Exercise details
Restate, word for word and with no pictures, the stretch of lines in the data below that begins at the line with "河津桜の名所と言えばなんとい" and ends at the line with "Rezzolla | ![]() |", inclusive.

Available data
*** Block opens ***

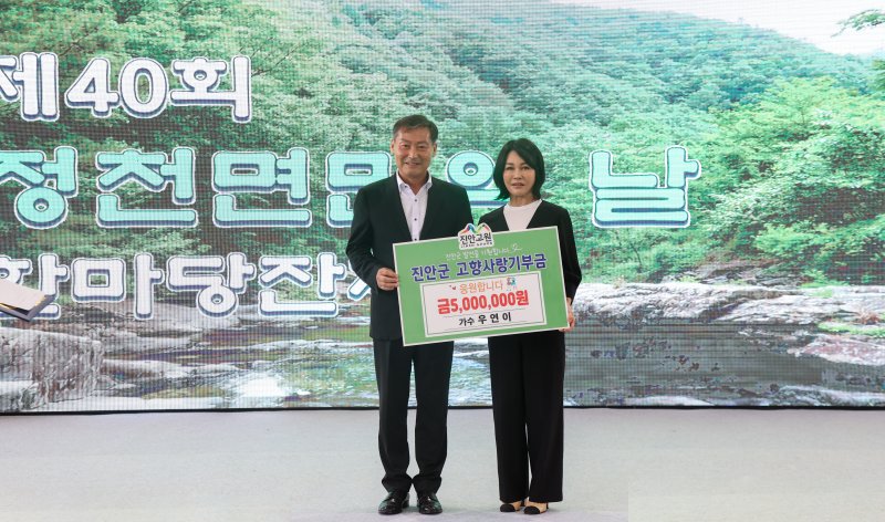 10일 진안군에 따르면 지난 8일 열린 정천면민의 날 행사에서 우연이 씨가 전춘성 진안군수에게 고향사랑기부금 500만원을 전달했다.
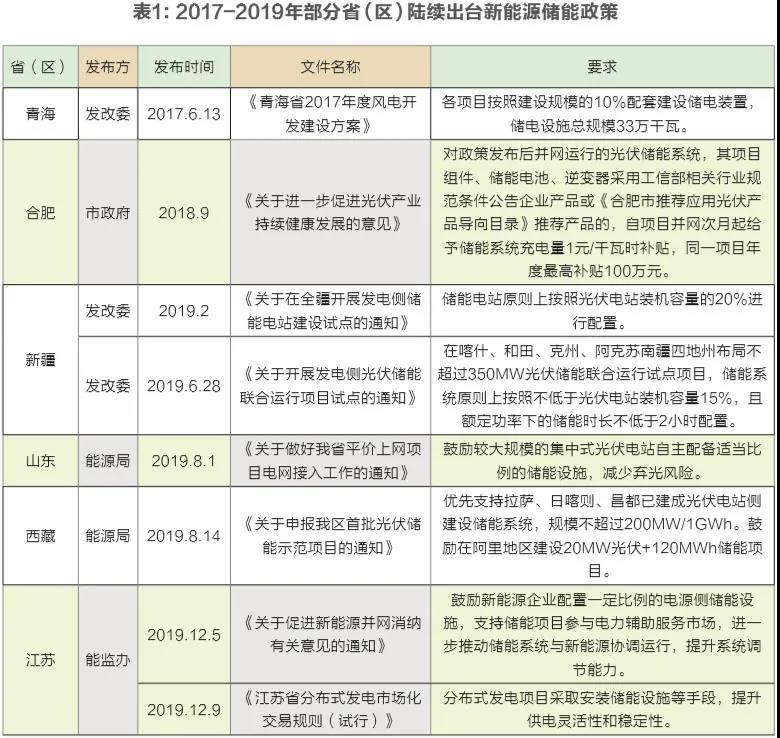 新能源配儲能并不是新鮮事物。早在2017年,青海省發(fā)改委便在《2017年度風電開發(fā)建設方案》中提出,列入青海省2017年度風電開發(fā)建設方案的43個項目按照建設規(guī)模的10%配套建設儲電裝置,儲電設施總規(guī)模0.33GW。2019年,新疆、山東、西藏、江蘇等省(區(qū))也陸續(xù)出臺政策,鼓勵或要求新能源項目配備儲能設施。(見表1)
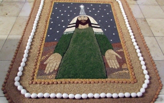 Angelehnt an das Bild von Sieger Köder zeigt der diesjährige Früchteteppichs in St. Mauritius Westhausen Abraham. Abraham ist betend dargestellt, den Blick zum Himmel gerichtet. Seine großen Hände sind leer, bereit und offen für Gottes Verheißung: „Schau zum Himmel hinauf und zähle die Sterne … So zahlreich werden deine Nachkommen sein.“
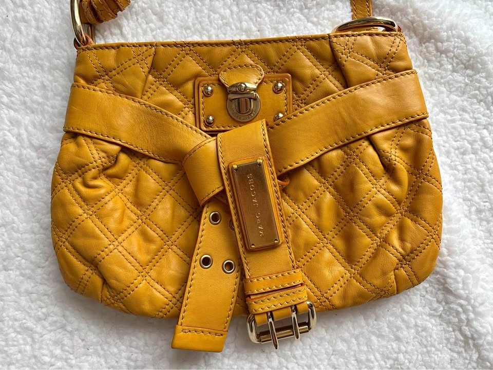 Beautiful Marc Jacobs Mustard/Yellow Quilted Leather Baroque Single Shoulder Bag with gold tone hardware in excellent condition. Preferably pick up near 16th and 9th line.
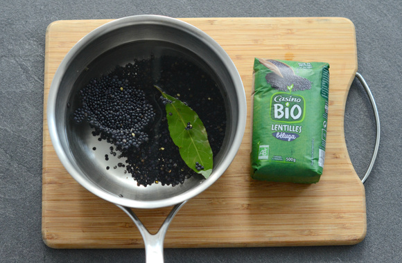 1Versez les lentilles dans une casserole avec 2 verres d'eau, la feuille de laurier et un peu de sel. Laissez cuire selon le temps indiqué sur le paquet.
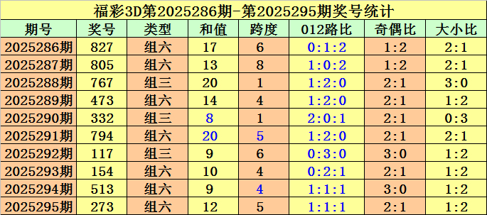 个位分析:上期奖号为3重复落号,本注再开重号。
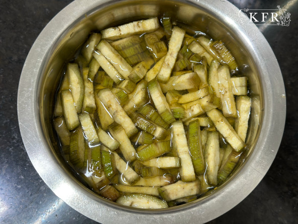 4. Keep the banana pieces immersed in water with salt & turmeric so that they don't brown.
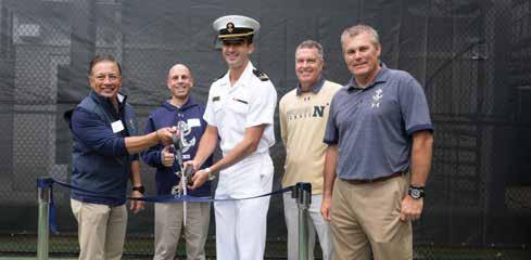 This state-of the-art facility houses coaches’ offices, a team Wardroom, a nutrition center, a stringing room, and recognitions and dedications for Navy Men’s Tennis players. This project would not have been possible without the help of all supporters, including leadership donors Michael Spanos ‘87 and RADM A.B. Cruz ‘80.
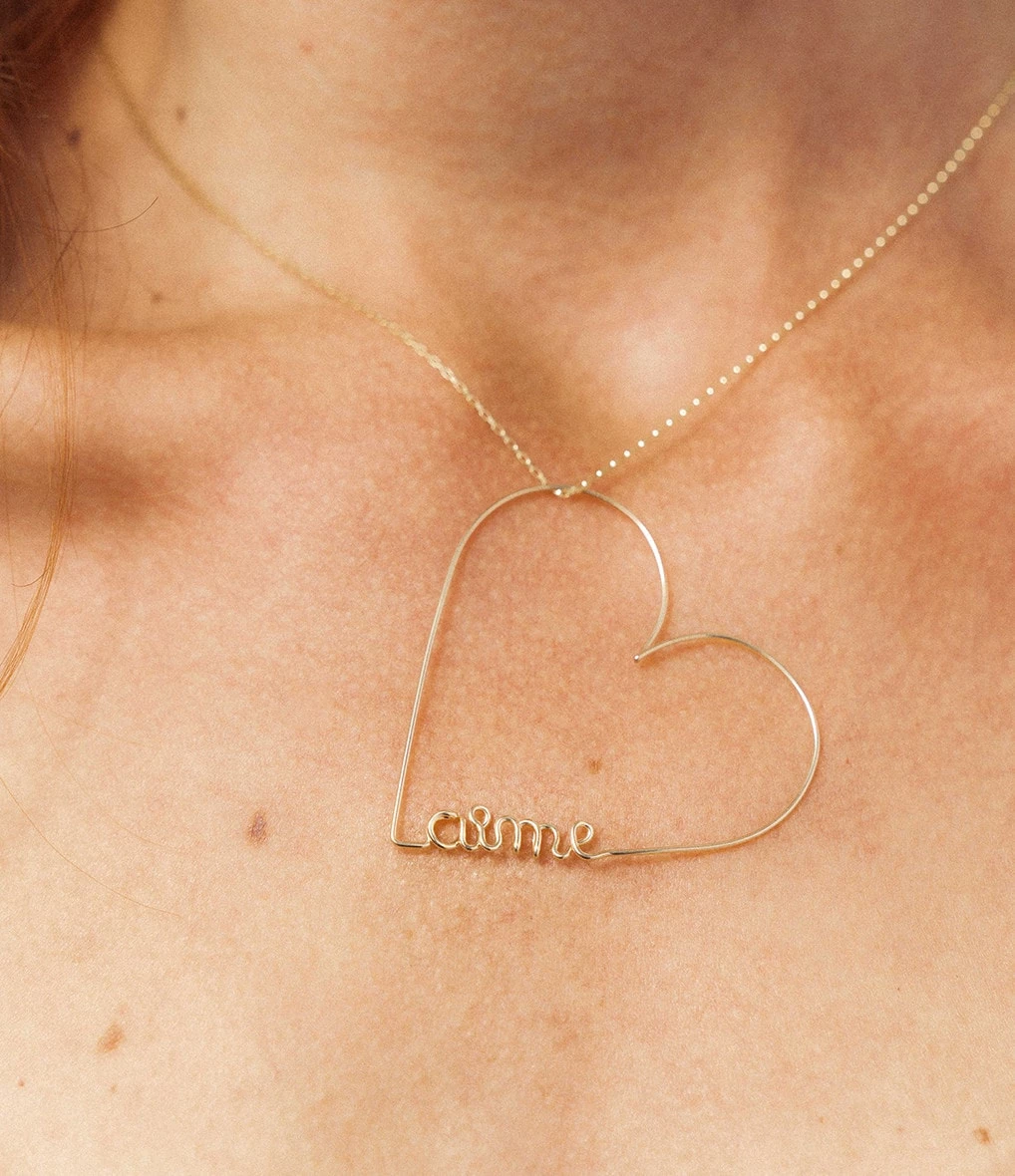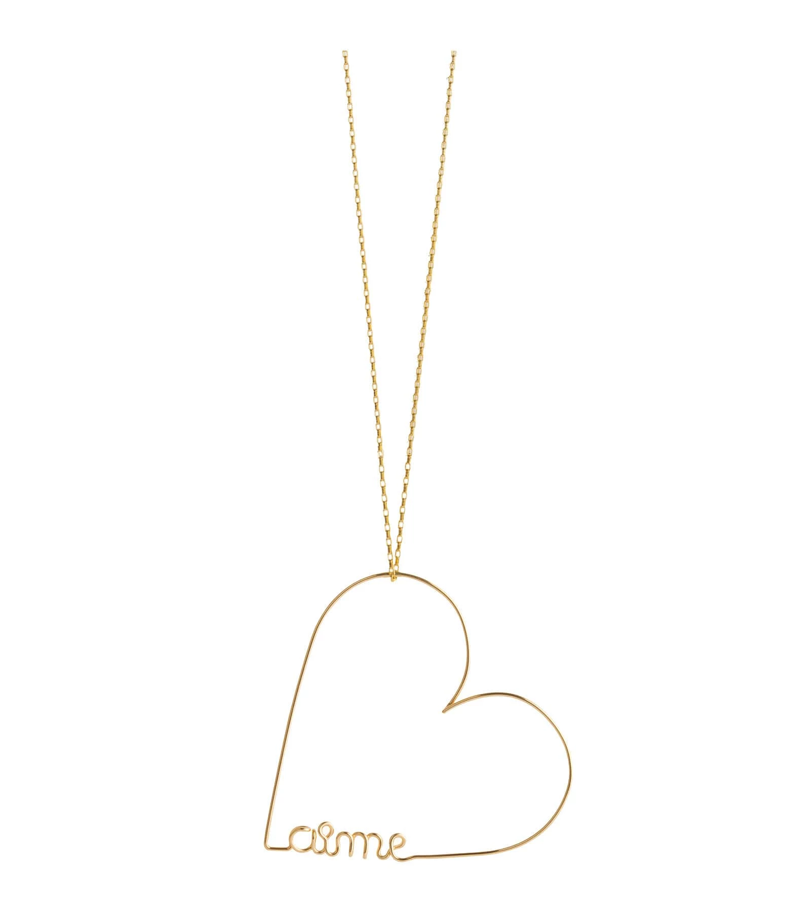 Collier sur chaîne en or gold filled avec un pendentif composé d’un cœur avec l’intitulé “Aime” inscrit à l’intérieur. Fermoir classique à ressort avec contre anneau.
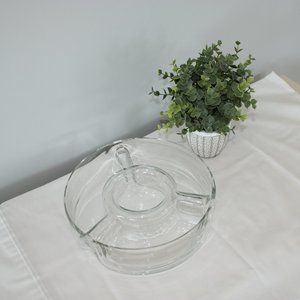 Sturdy dish with 3 sections and a round dip section in the centre. No chips or cracks.
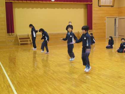 なわとび大会に向けて 公開日 2024/01/22 更新日 2024/01/22 学校風景 2月になわとび大会を行います。それに向けて練習をしました。それぞれの得意な跳び方をさらに磨きをかけて、がんばってほしいと思います。
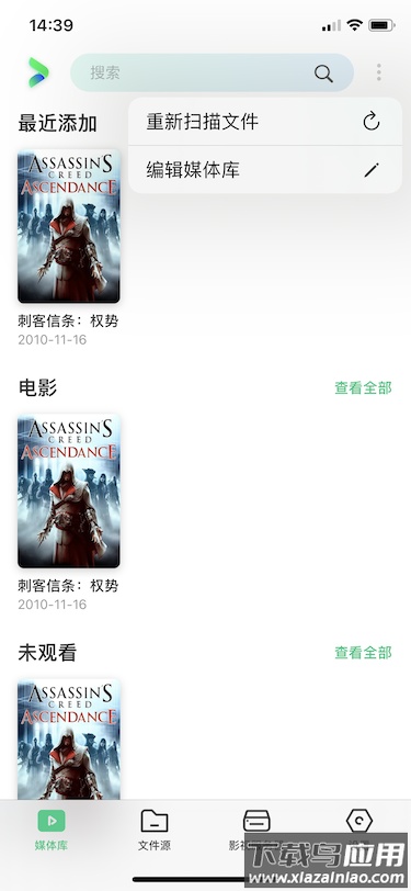 1. 点击右上角菜单图标可进行“重新扫描文件”或“编辑媒体库”操作;
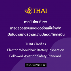 ตามที่ปรากฏในสื่อสังคมออนไลน์กรณีความเสียหายของอุปกรณ์รถเข็นไฟฟ้าของผู้โดยสาร ในเที่ยวบิน TG643 เส้นทางโตเกียว-กรุงเทพ วันที่ 13 พฤศจิกายน 2568
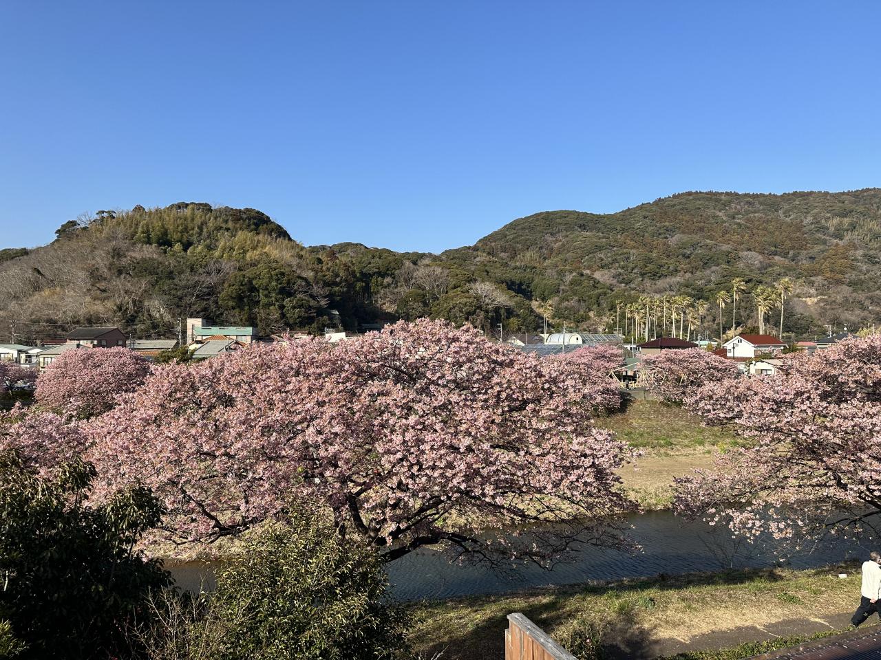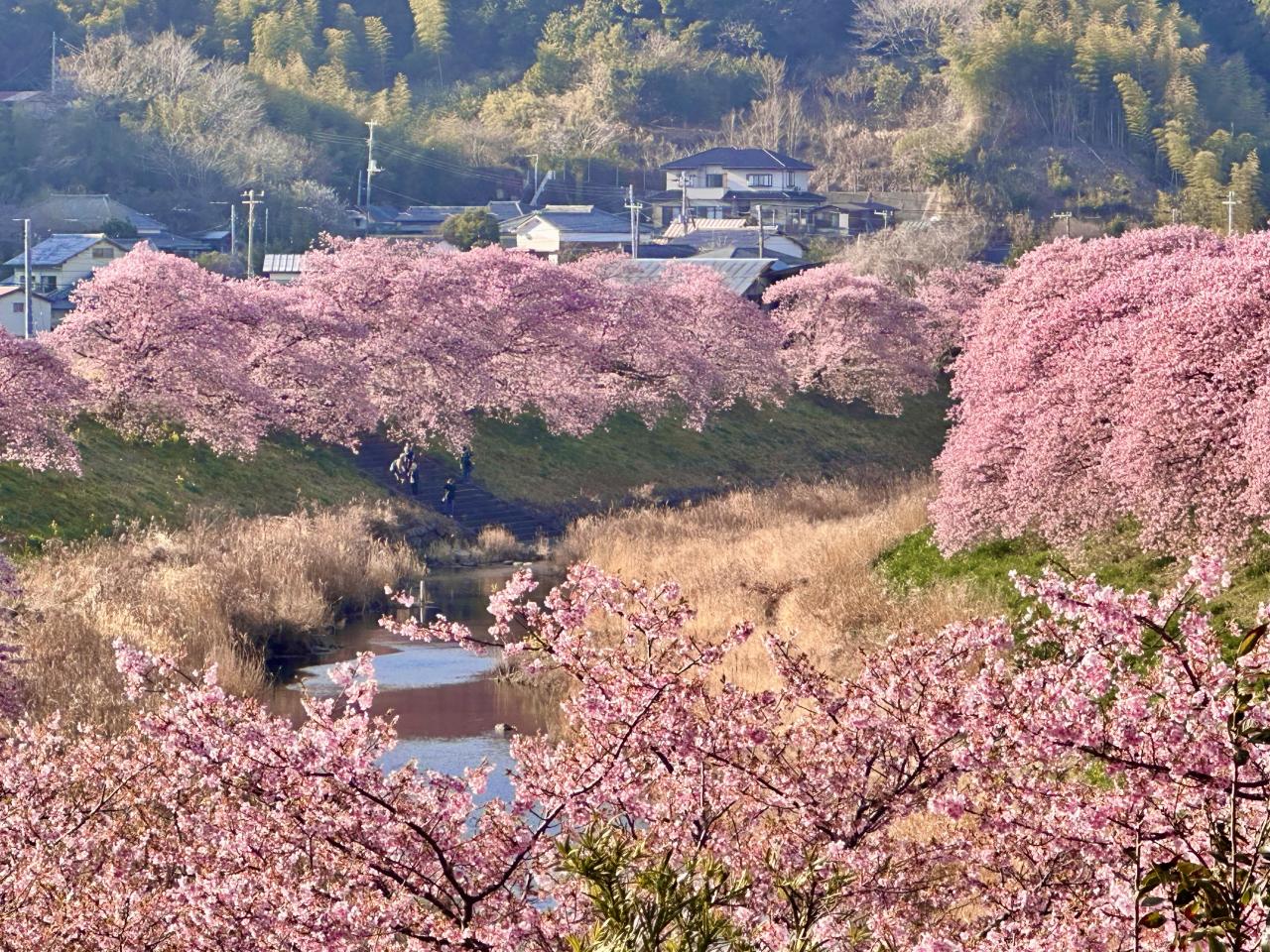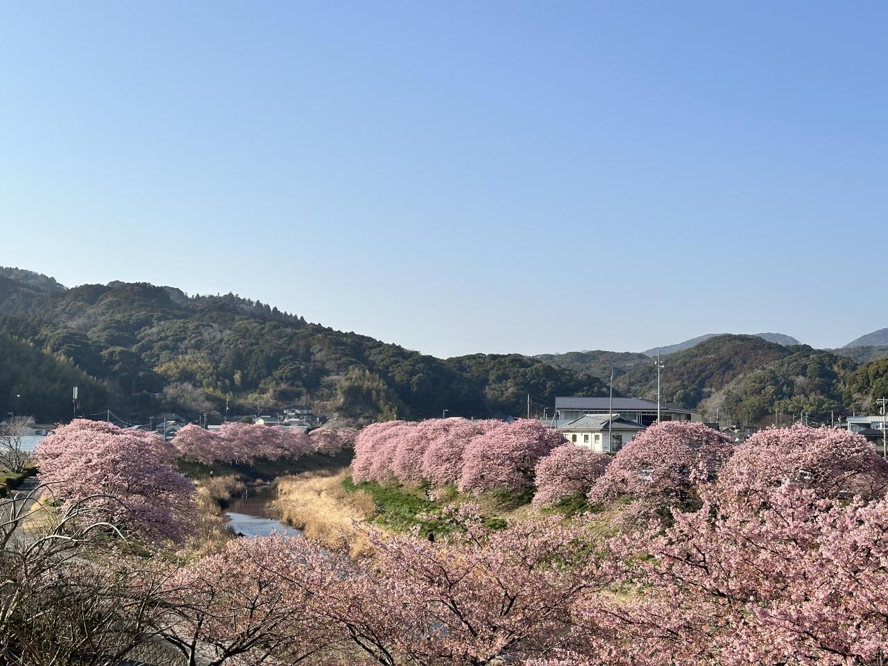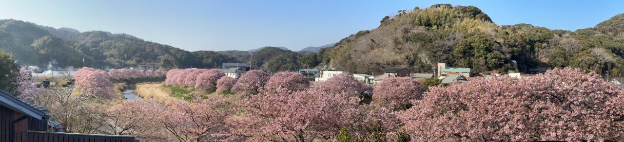 河津桜の名所と言えばなんといっても本家の河津町が人出もナンバーワンですが、それより南の南伊豆町の河津桜並木も中々見事です。実は今回初めて訪れたのですが、こちらも4km以上続く両岸の桜並木でとても見応えがあります。伊豆急行の終点下田駅からさらにバスというちょっと不便なところなので人出が河津よりはるかに少ないですから、混雑の苦手な人にはこちらがよいかも。町の温泉施設もあって、桜の眺めもすばらしい。個性的な飲食店もあるようです。
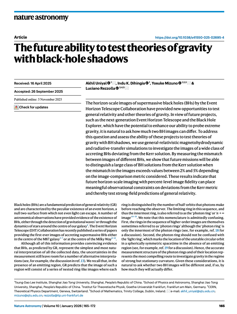 | The future ability to test theories of gravity with black-hole shadows, Nature Astronomy 10, 165–172 (2025) | Akhil Uniyal, Indu K. Dihingia, Yosuke Mizuno, and Luciano Rezzolla | ![]() |
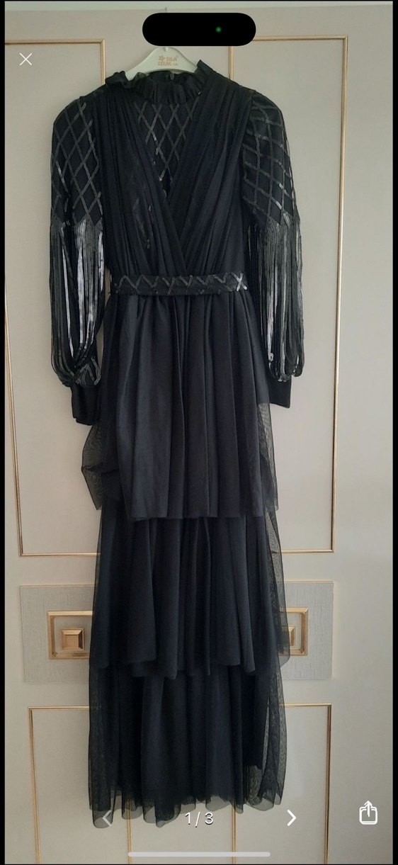 Siyah uzun abiye elbise, drapeli tasarımı, desenli uzun kolları ve V yakası ile gotik stilde. Bol kesim, düğünler için uygun.

*** Block closes ***

Answer to the exercise
 河津桜の名所と言えばなんといっても本家の河津町が人出もナンバーワンですが、それより南の南伊豆町の河津桜並木も中々見事です。実は今回初めて訪れたのですが、こちらも4km以上続く両岸の桜並木でとても見応えがあります。伊豆急行の終点下田駅からさらにバスというちょっと不便なところなので人出が河津よりはるかに少ないですから、混雑の苦手な人にはこちらがよいかも。町の温泉施設もあって、桜の眺めもすばらしい。個性的な飲食店もあるようです。
 | The future ability to test theories of gravity with black-hole shadows, Nature Astronomy 10, 165–172 (2025) | Akhil Uniyal, Indu K. Dihingia, Yosuke Mizuno, and Luciano Rezzolla | ![]() |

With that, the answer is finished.